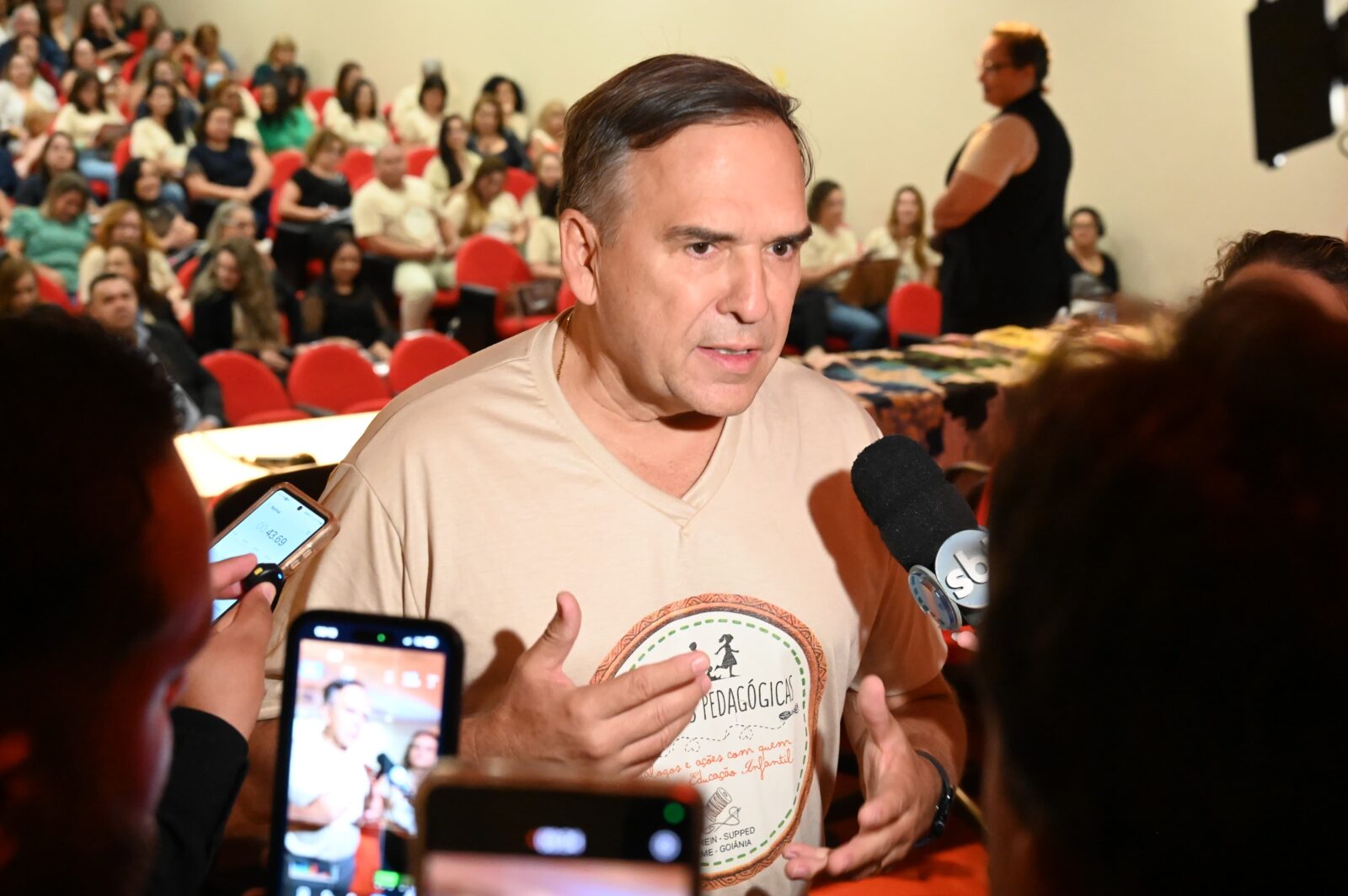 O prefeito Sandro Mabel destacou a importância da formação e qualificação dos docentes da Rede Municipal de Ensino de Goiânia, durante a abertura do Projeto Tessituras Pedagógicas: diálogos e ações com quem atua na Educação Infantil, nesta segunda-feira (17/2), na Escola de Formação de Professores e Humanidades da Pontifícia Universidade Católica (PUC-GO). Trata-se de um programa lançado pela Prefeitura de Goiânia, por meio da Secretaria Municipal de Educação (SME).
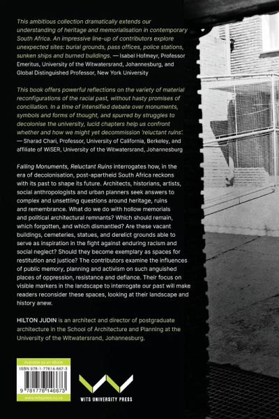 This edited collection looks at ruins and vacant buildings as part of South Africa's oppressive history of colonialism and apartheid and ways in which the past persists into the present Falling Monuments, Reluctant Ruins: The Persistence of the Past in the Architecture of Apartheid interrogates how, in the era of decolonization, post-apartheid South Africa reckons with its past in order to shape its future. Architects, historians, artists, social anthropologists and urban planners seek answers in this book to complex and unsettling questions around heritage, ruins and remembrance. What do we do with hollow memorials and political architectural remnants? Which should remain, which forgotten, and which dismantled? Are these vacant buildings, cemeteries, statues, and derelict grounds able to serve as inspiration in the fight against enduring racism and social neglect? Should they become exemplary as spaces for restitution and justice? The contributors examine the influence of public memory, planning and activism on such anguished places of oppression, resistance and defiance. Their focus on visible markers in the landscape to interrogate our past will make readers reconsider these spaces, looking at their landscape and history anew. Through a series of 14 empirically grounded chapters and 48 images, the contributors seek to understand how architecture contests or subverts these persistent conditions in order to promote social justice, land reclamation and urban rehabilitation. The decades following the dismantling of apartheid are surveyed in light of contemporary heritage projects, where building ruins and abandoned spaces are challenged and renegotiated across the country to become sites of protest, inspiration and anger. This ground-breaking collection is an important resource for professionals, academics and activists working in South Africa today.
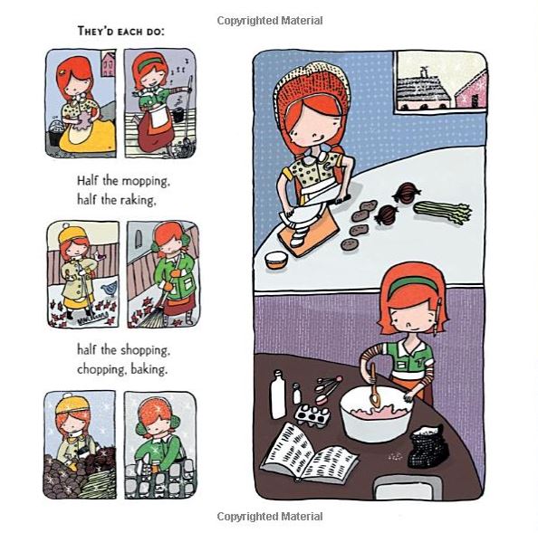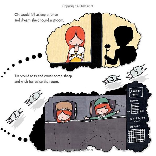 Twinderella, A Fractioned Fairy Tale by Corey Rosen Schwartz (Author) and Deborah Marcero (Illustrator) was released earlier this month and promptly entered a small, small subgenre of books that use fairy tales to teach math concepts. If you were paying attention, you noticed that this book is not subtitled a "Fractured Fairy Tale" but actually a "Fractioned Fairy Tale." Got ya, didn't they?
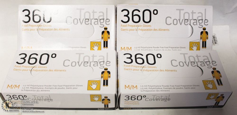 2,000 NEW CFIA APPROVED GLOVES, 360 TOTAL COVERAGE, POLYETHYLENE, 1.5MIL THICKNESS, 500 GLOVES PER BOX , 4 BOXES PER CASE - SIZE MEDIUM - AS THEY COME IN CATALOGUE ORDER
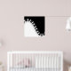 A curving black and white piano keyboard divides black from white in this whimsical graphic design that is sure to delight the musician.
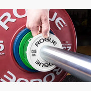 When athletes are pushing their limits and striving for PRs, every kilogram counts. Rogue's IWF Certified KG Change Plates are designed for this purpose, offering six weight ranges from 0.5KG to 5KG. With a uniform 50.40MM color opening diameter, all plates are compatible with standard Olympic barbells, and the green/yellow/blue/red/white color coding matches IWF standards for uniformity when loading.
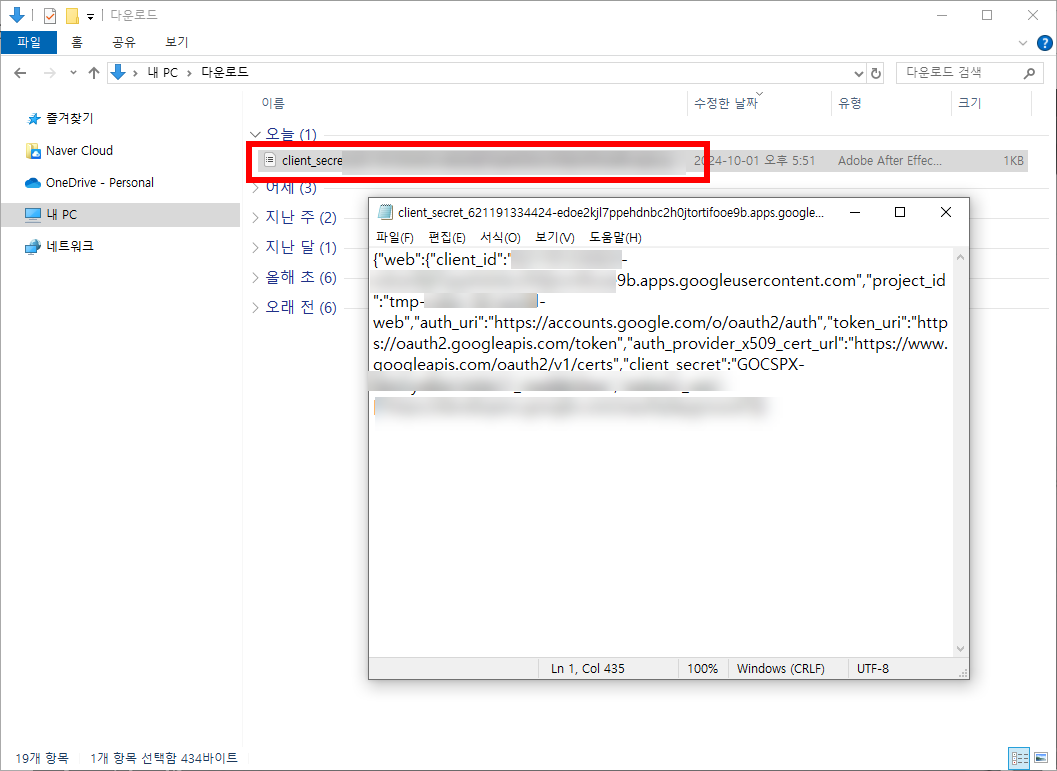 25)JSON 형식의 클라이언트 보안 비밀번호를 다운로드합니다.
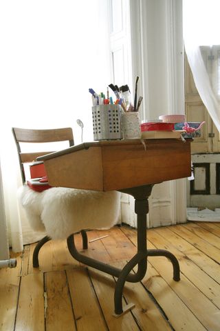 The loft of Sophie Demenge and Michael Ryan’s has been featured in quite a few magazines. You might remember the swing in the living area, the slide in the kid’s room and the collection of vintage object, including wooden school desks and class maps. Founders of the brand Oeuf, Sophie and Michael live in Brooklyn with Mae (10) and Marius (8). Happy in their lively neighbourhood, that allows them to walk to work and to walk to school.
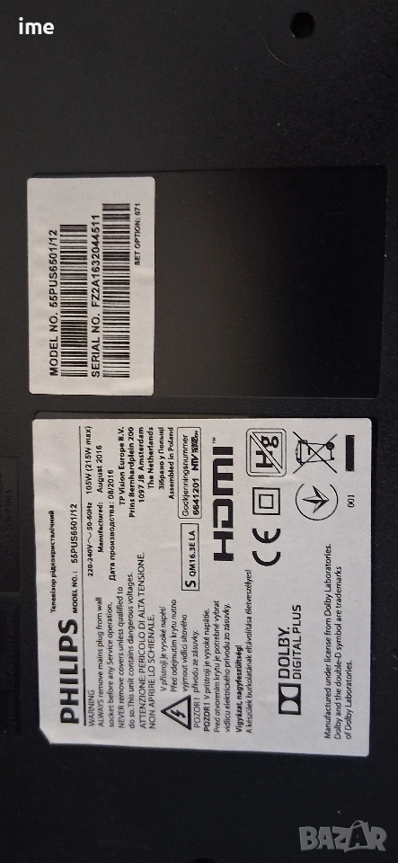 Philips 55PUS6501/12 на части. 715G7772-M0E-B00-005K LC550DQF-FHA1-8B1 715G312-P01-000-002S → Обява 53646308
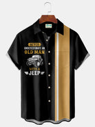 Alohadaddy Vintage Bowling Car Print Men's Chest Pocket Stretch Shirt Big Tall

* * *

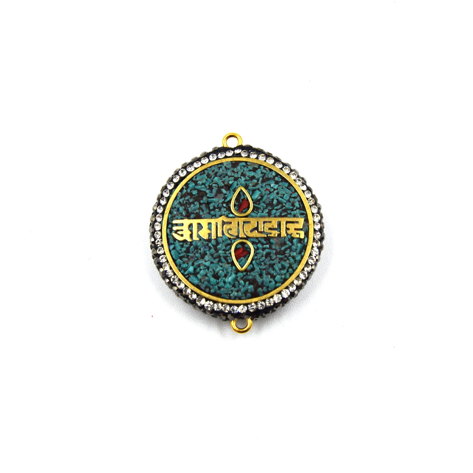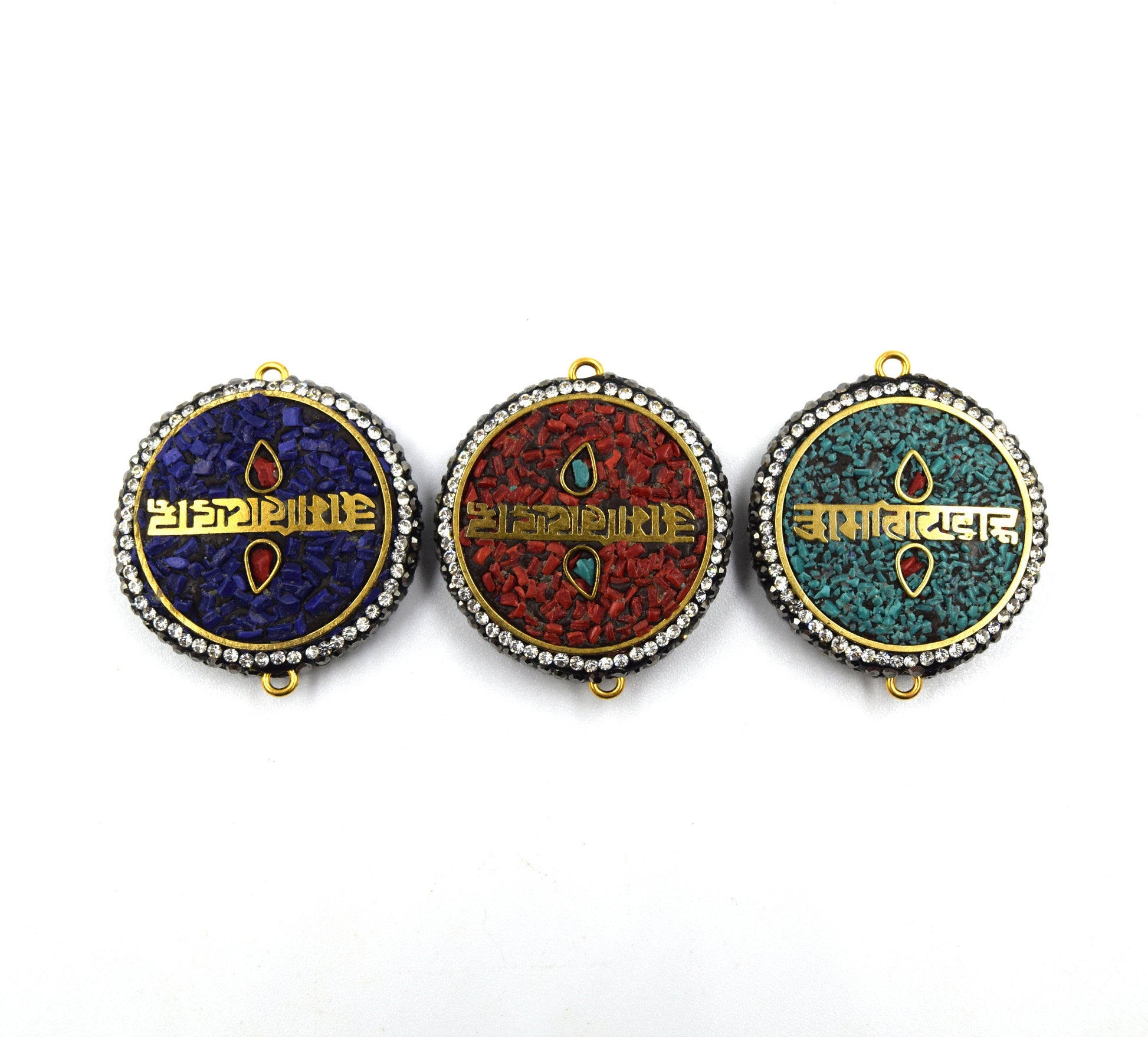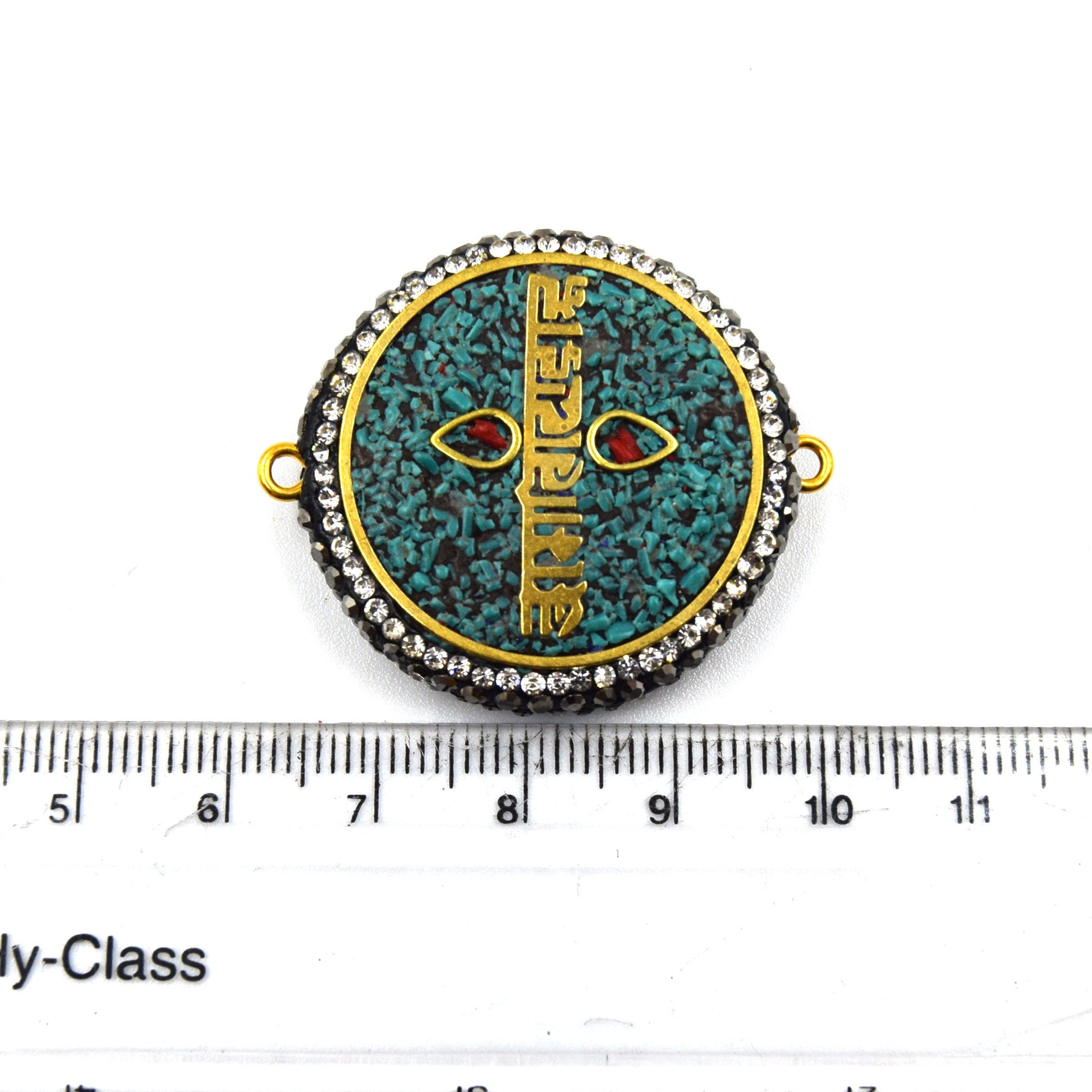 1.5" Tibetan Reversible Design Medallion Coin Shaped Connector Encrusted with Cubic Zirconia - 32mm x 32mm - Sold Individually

ACTIVITY
Leaving out each picture, repeat exactly the lines above from the one that contains "25)JSON 형식의 클라이언트 보안 비밀번호를 다운로드합니다." through the one that contains "Alohadaddy Vintage Bowling".

YOUR SOLUTION
 25)JSON 형식의 클라이언트 보안 비밀번호를 다운로드합니다.
 The loft of Sophie Demenge and Michael Ryan’s has been featured in quite a few magazines. You might remember the swing in the living area, the slide in the kid’s room and the collection of vintage object, including wooden school desks and class maps. Founders of the brand Oeuf, Sophie and Michael live in Brooklyn with Mae (10) and Marius (8). Happy in their lively neighbourhood, that allows them to walk to work and to walk to school.
 Philips 55PUS6501/12 на части. 715G7772-M0E-B00-005K LC550DQF-FHA1-8B1 715G312-P01-000-002S → Обява 53646308
 Alohadaddy Vintage Bowling Car Print Men's Chest Pocket Stretch Shirt Big Tall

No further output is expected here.